Exercise data:
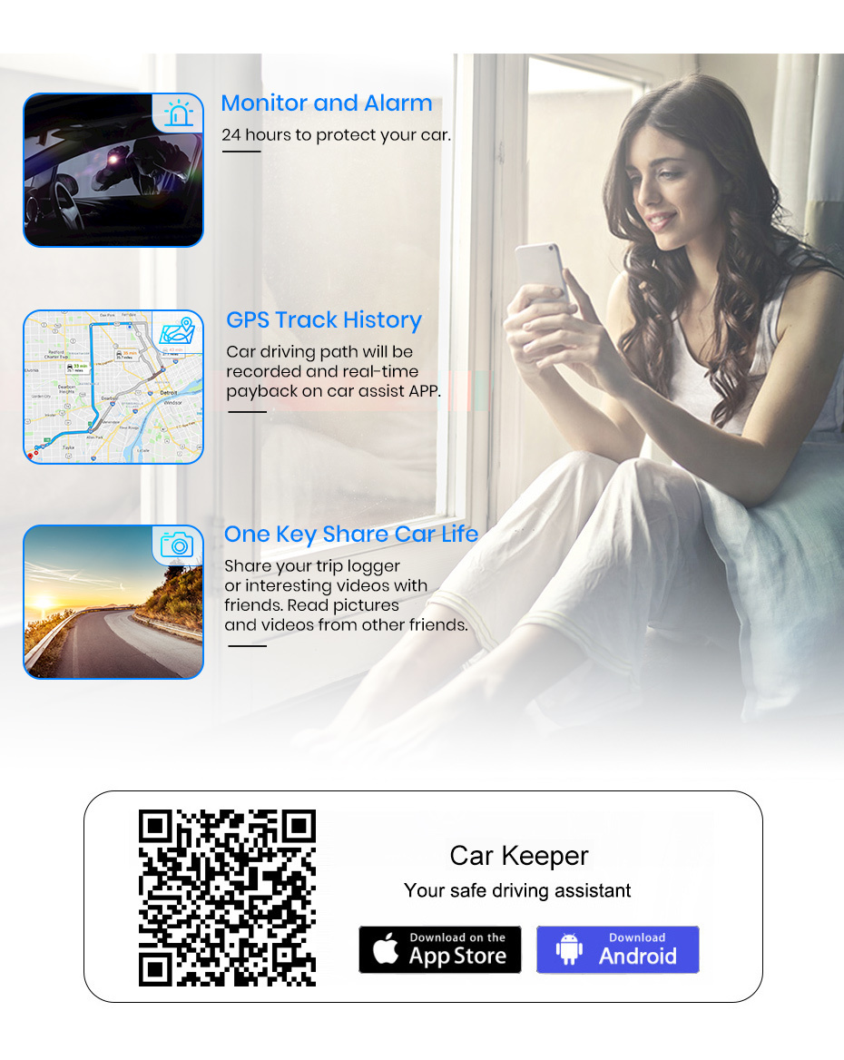 Отслеживание местонахождения и истории передвижений вашего автомобиля, удаленно фиксируйте, что происходит с вашим автомобилем из любой точки мира. Просматривайте изображения и видео с регистратора в режиме реального времени в приложении на вашем смартфоне.
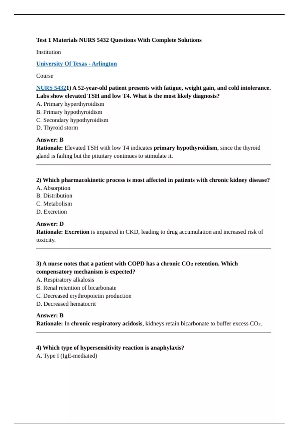 NURS 54321) A 52-year-old patient presents with fatigue, weight gain, and cold intolerance.
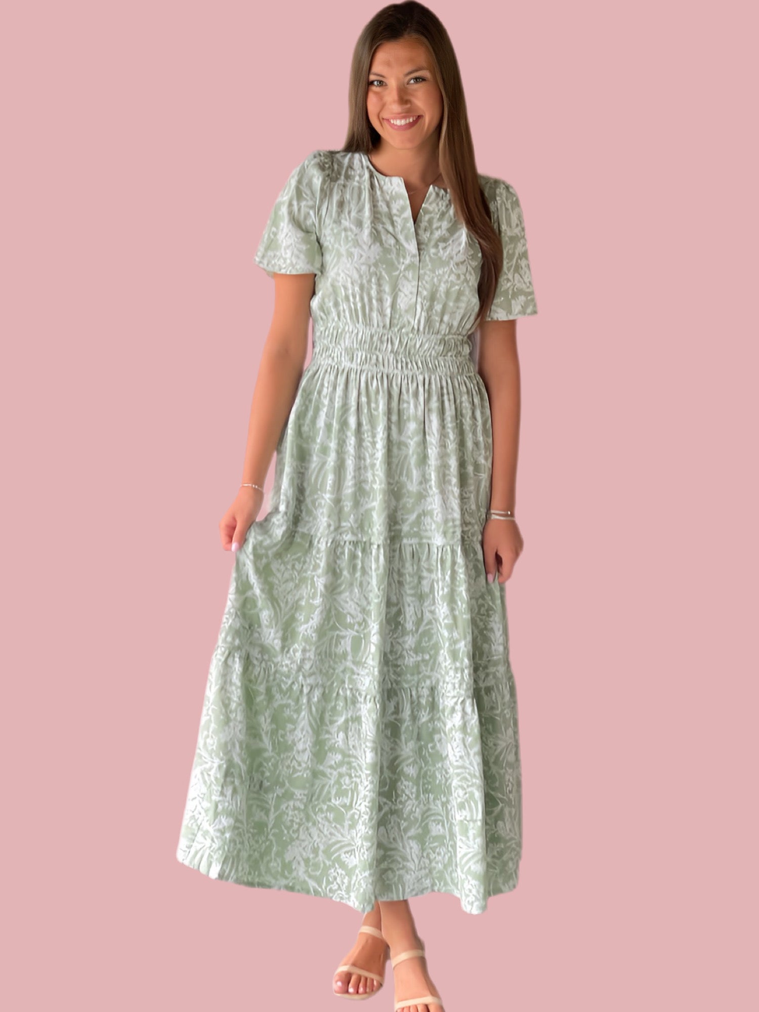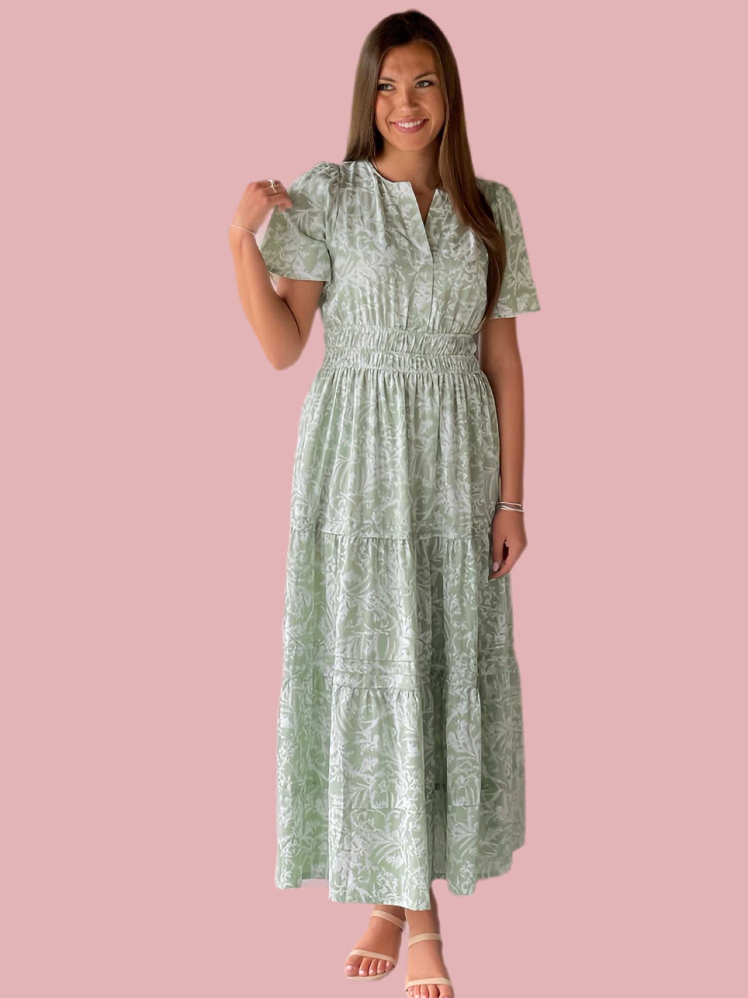 Expertly crafted from lightweight and breathable woven fabric, The Blossom Stroll Maxi showcases a vibrant floral print and elegant half sleeves. Its tiered pintuck design and waistband offer a flattering silhouette, while pockets add convenience. Stay stylish and comfortable with this must-have maxi.
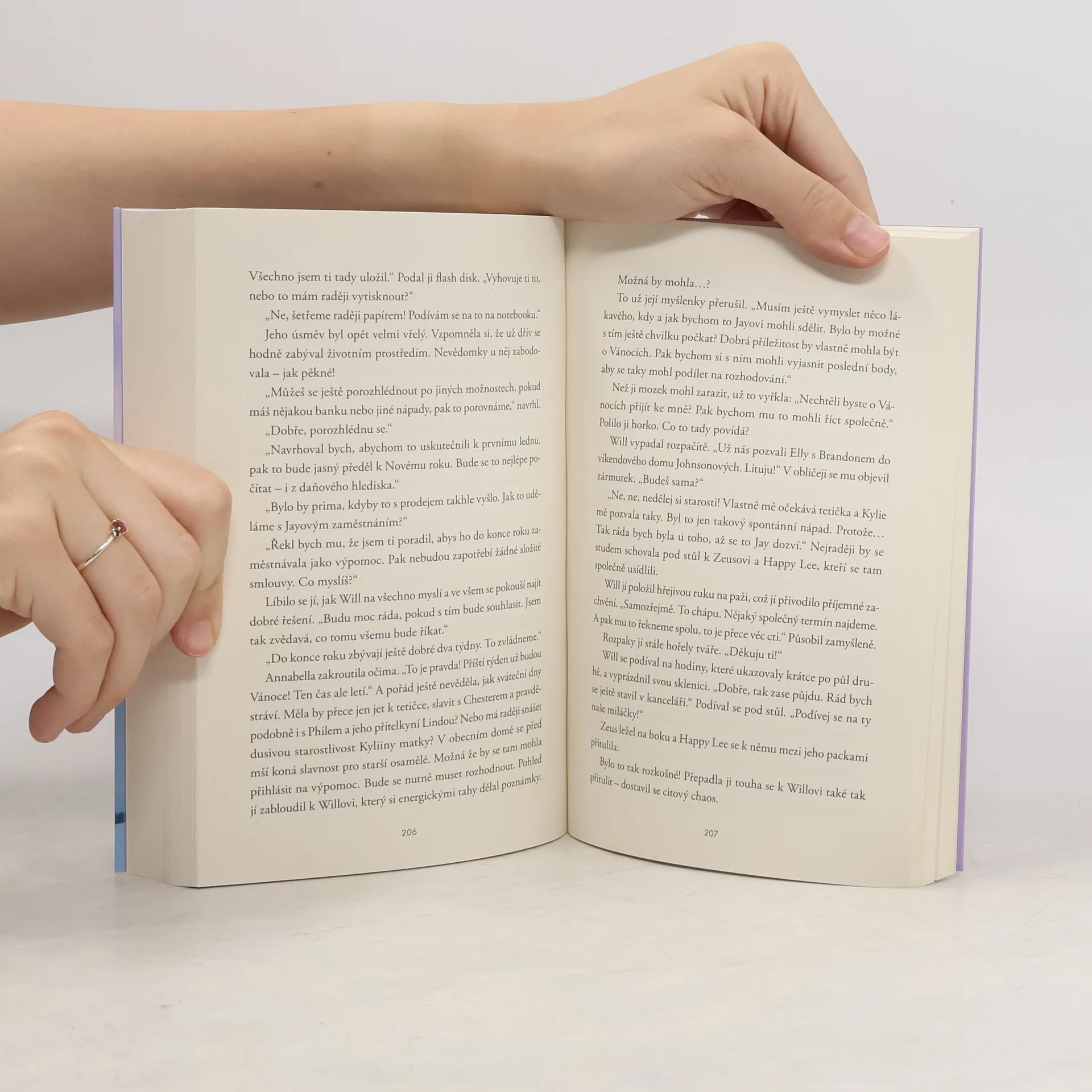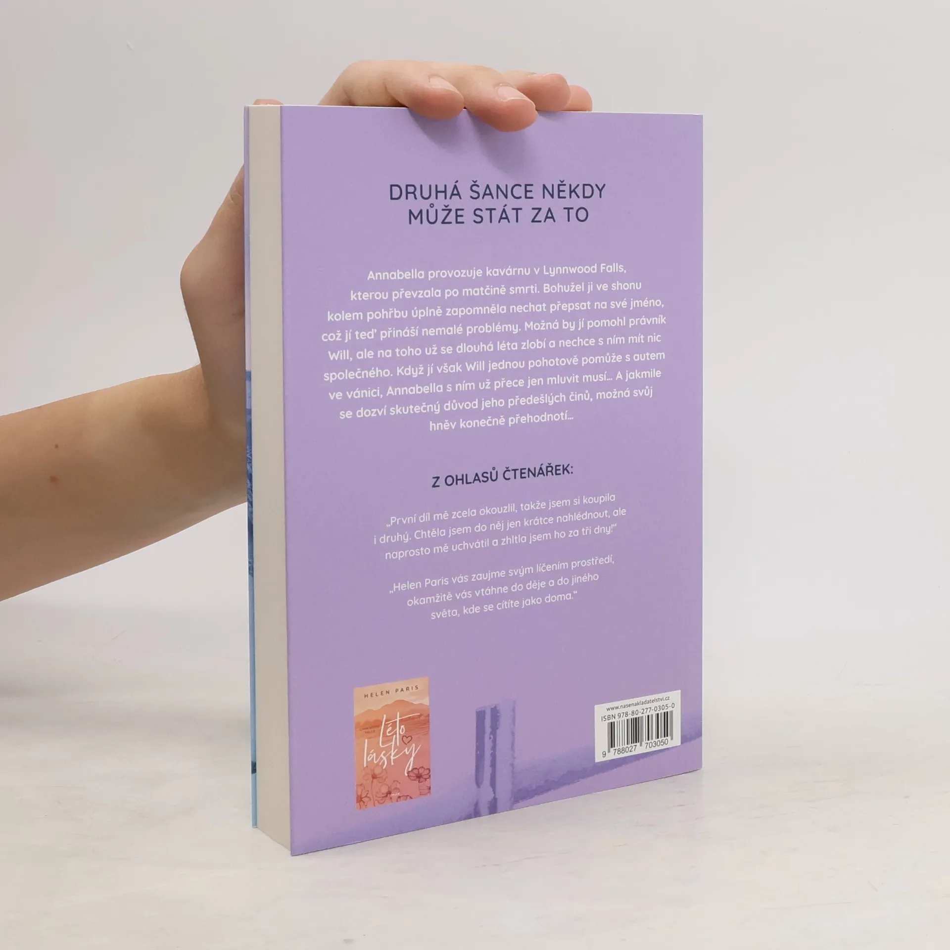 Annabellina existence je v ohrožení, potíží v její kavárně je po matčině stále víc. Celé městečko Lynnwood Falls stojí při ní – včetně Willa. Když Annabella jedné studené zimní noci uvízne s autem, je to on, kdo ji přispěchá na pomoc. Přitom s ním vlastně není vůbec zadobře, a vyhýbá se mu už od té doby, kdy ji bez omluvy nevyzvedl na závěrečný školní ples, na který se tolik těšila. Když se později dozví jeho pravé důvody, velice ji to zasáhne. Na večírku přátel Elly a Brandona ho pod větvičkou jmelí políbí a pak se to stane: až po uši se zamiluje. Avšak Will se zapřísáhl, že si nikdy žádný pevný vztah nedovolí... Čistá romantika, dobrosrdečné postavy a spousta dramatických scén, barvitě vylíčených do posledních podrobností – to vše nabízí druhý díl romantické řady odehrávající se v tentokrát zasněženém a vánočně naladěném idylickém maloměstě Lynnwood Falls ve státě Maine. Kromě poutavého příběhu nás autorka seznámí i se životem a zvyky v této oblasti USA.
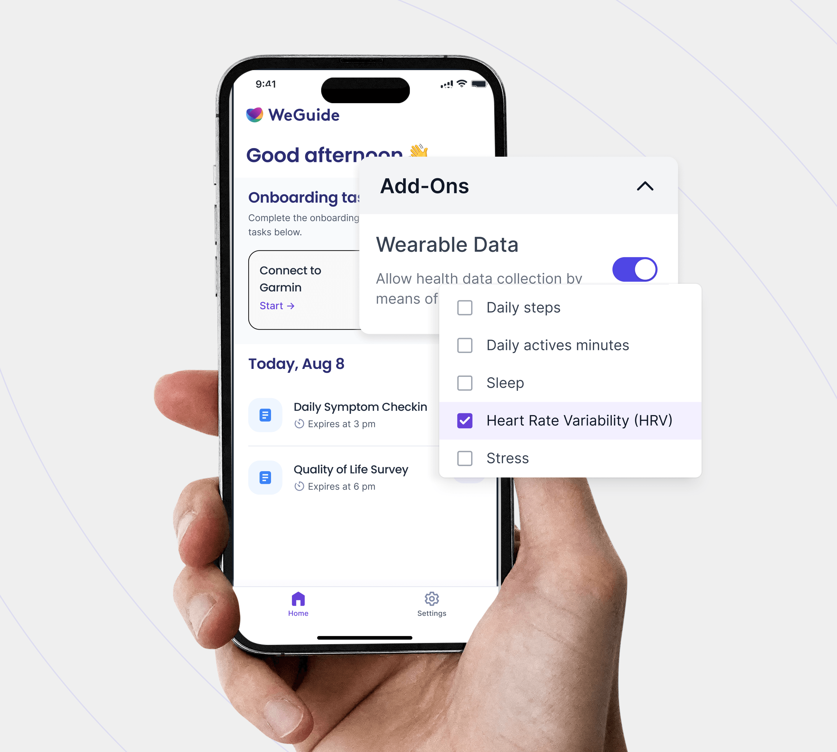 WeGuide combines eCOA, eConsent, data collection, and telehealth in a single platform with whitelabel apps under your own brand.
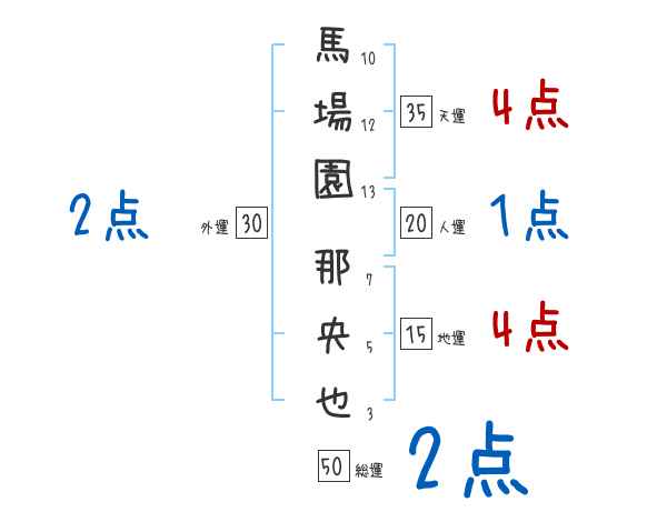 馬場園那央也さんの画数の鑑定結果

Problem: Restate word for word every line from the one with "NURS 54321) A" up to and including the one with "Expertly crafted from" in the records above, minus the pictures.

Exercise response:
 NURS 54321) A 52-year-old patient presents with fatigue, weight gain, and cold intolerance.
 Expertly crafted from lightweight and breathable woven fabric, The Blossom Stroll Maxi showcases a vibrant floral print and elegant half sleeves. Its tiered pintuck design and waistband offer a flattering silhouette, while pockets add convenience. Stay stylish and comfortable with this must-have maxi.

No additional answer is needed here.